Спектакль Хусниярова — подробный быт, «рутина смерти». И оказывается, что, хотя в пьесе нет неожиданных поворотов сюжета и почти все предсказуемо, наблюдать за происходящим в исполнении актеров Театра «Мастеровые» очень интересно. Режиссер помещает их в закрытое с трех сторон пространство — и сразу даже незаметно, что это пространство сделано из видеокассет (сценография — Елена Сорочайкина). Семья отгородилась от мира памятью о ребенке, и из этого закрытого пространства за время спектакля вырываются все — не только живущие здесь Бекка (Марина Кулясова) и Хоуи (Евгений Федотов), но и забеременевшая от своего бойфренда Иззи (бывшая актриса питерского Театра Поколений Анна Дунаева), и Нэт (Ольга Астафьева), сама потерявшая сына-наркомана, и парень Джейсон (Евгений Гладких), страдающий от чувства вины, которое перекрывается его собственной молодостью и планами на дальнейшую жизнь.
Они — как аргонавты, которым нужно привезти золотое руно, или же как Орфеи, которым нужно спасти Эвридику — саму тягу к жизни, любовь к ней.
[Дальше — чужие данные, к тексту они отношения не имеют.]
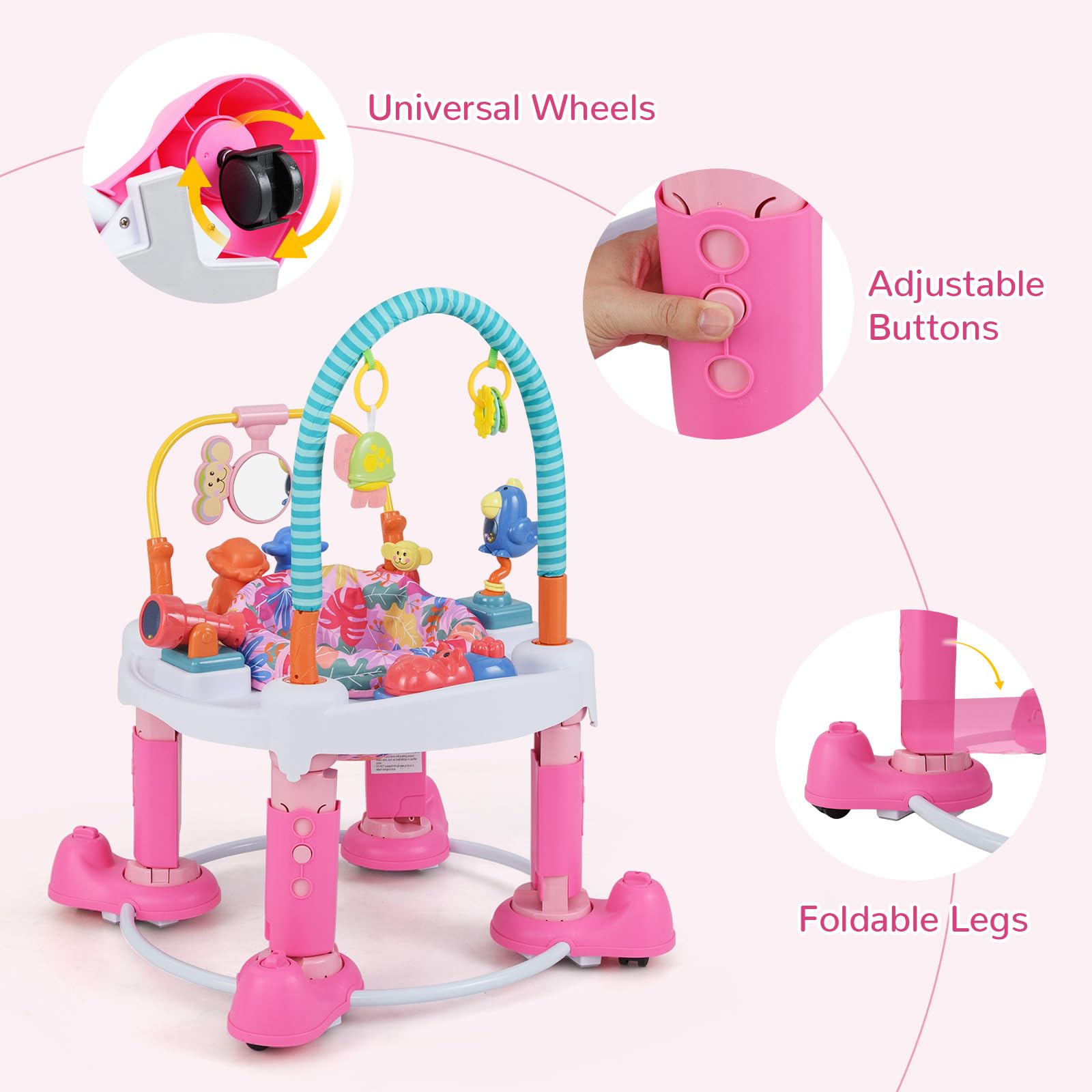 Why do you choose INFANS Baby Activity Center? This 5 in 1 baby activity center is designed to provide versatile and interactive experience for your little one. It can be used as a baby walker, a bouncing saucer or an activity table to accompany baby from 0-24 months. With 3 adjustable height positions, bouncing saucer offers comfortable for your baby at different growth stages. The seat of the jumper is designed to rotate, allowing your baby to access different toys and activities from all angles. Moreover, the play mat is convenient for the baby to sit or lie down. Let your little one to play, learn, and grow. Features: Converted into baby walker, bouncer, play mat and activity table Three heights are adjustable to accommodate baby growth 360 rotatable seat to grab every toy with ease Scientifically exercise your baby 's leg strength and avoid O-shaped legs Folding design for easy storage A variety of toys for your baby to use 4 Anti-collision Angle ensure the safety of the baby Switch fixed or moved using knob device Suitable for babies aged 0-24 months Specification: Color: Gray Material: PP, ABS, Iron Pipe Net Weight: 14 lbs Weight Capacity: 55 lbs Suitable Age: 0-24 Years Old Adjustable Height from Floor to Table Top: 13 -17 Dimension of Walker: 32.5 x 32.5 x 31.5 -34.5 (L x W x H) Dimension of Activity Table: 40 x 23.5 x 28.5 -31.5 (L x W x H) Dimension of Play Mat: 28 x 22 (L x W) Package includes: 1 x Baby Activity Center 1 x Play Mat 1 x Instruction 1 x Hippo 1 x Game Fence 1 x Music Box 1 x Bird 1 x Telescope 1 x Flower 1 x Mirror

И лучше всего актерски разобраться в противоречиях этого процесса получается, конечно же, у потрясающе тонкой Марины Кулясовой, играющей мать погибшего мальчика. Пьеса и построена так, что все нити сводятся в первую очередь к материнской боли и страданиям. Кулясова сумела захватить, кажется, всю сложнейшую гамму переживаний и при этом обойтись без пафоса, без лишних эмоций. Бекки то нервна, то молчалива, то смешлива, то резка к своей матери, то неожиданно мягка к Джейсону (готовит ему печенье и наливает молоко). Она непредсказуема в своих реакциях на мужа, сама не знает, чего хочет, не может общаться с друзьями, не может решить, что делать с игрушками сына и что дарить сестре на день рождения. Она мечется, борется, постепенно учится носить «кирпич» горя в кармане (именно так называет память о смерти Нэт) и наконец в финале пьесы чуть-чуть открывается навстречу мужу, собственному дому, друзьям и их детям, неведомому ей будущему, в котором еще придется жить. И в этой тонкости, честности в отношении к самому сложному и необъяснимому из того, что может с нами произойти, Хуснияров как режиссер великолепен.
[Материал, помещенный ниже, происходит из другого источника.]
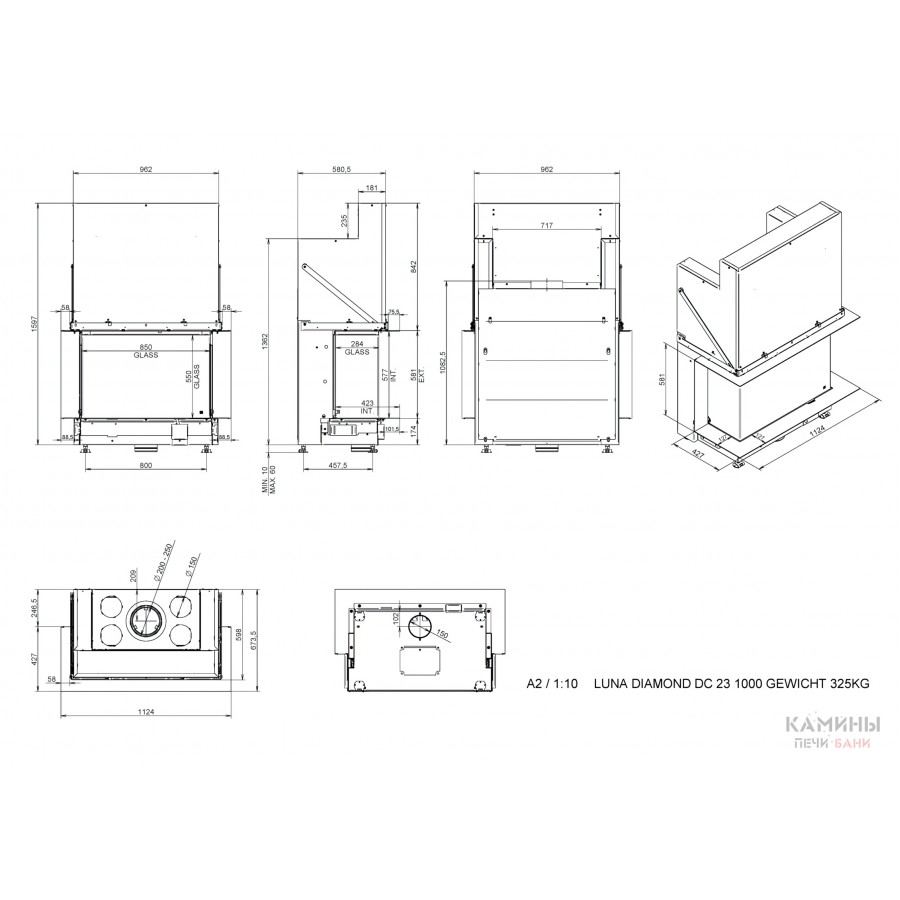 Купить дровяную каминную топку Luna 1000 DC Diamond для вашего дома

Третьим спектаклем (а хронологически — первым) офф-программы «Прорыва» стал «Идиот» Максима Диденко, поставленный в Театре Наций. Спектакль прошел всего два раза, и на оба показа были невероятные переаншлаги.
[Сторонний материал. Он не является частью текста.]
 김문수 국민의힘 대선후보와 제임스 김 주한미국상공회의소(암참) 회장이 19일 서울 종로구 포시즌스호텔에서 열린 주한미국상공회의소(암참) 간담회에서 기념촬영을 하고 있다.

Инсценировка Константина Федорова — ультранеобычная. В ней практически нет текста. По-видимому, речь идет о выборе эпизодов, определяющих сюжетную канву. Есть лишь несколько слов из одного монолога Мышкина да пара песен, в том числе песня на слова «Жил на свете рыцарь бедный», исполняемая Аглаей.
Жанр, выбранный Диденко, — черная клоунада, клоунада-нуар. «Что это такое?» — спросит зритель. Здесь можно было бы апеллировать к тем, кому удалось увидеть в свое время театральную группу «1927» Сьюзан Андрейд, Пола Бэрритта и Эсме Эпплтон. Спектакль «Идиот» явно находится в поисках похожих выразительных средств: пантомима, анимационный мэппинг (видепроекции анимации на задник сцены), насквозь сопровождающая действие музыка, а также элементы танца. Но если у труппы «1927» всегда прочитывается какой-то дополнительный социальный месседж (бедность жилых кварталов Лондона в «Животные и дети занимают улицы», механистичность современных гаджетов в «Големе»), то для Диденко, пожалуй, важнее всего сам эксперимент. Это эксперимент с классическим текстом, что само по себе обязывает. И, надо признать, эксперимент получился самой высокой пробы.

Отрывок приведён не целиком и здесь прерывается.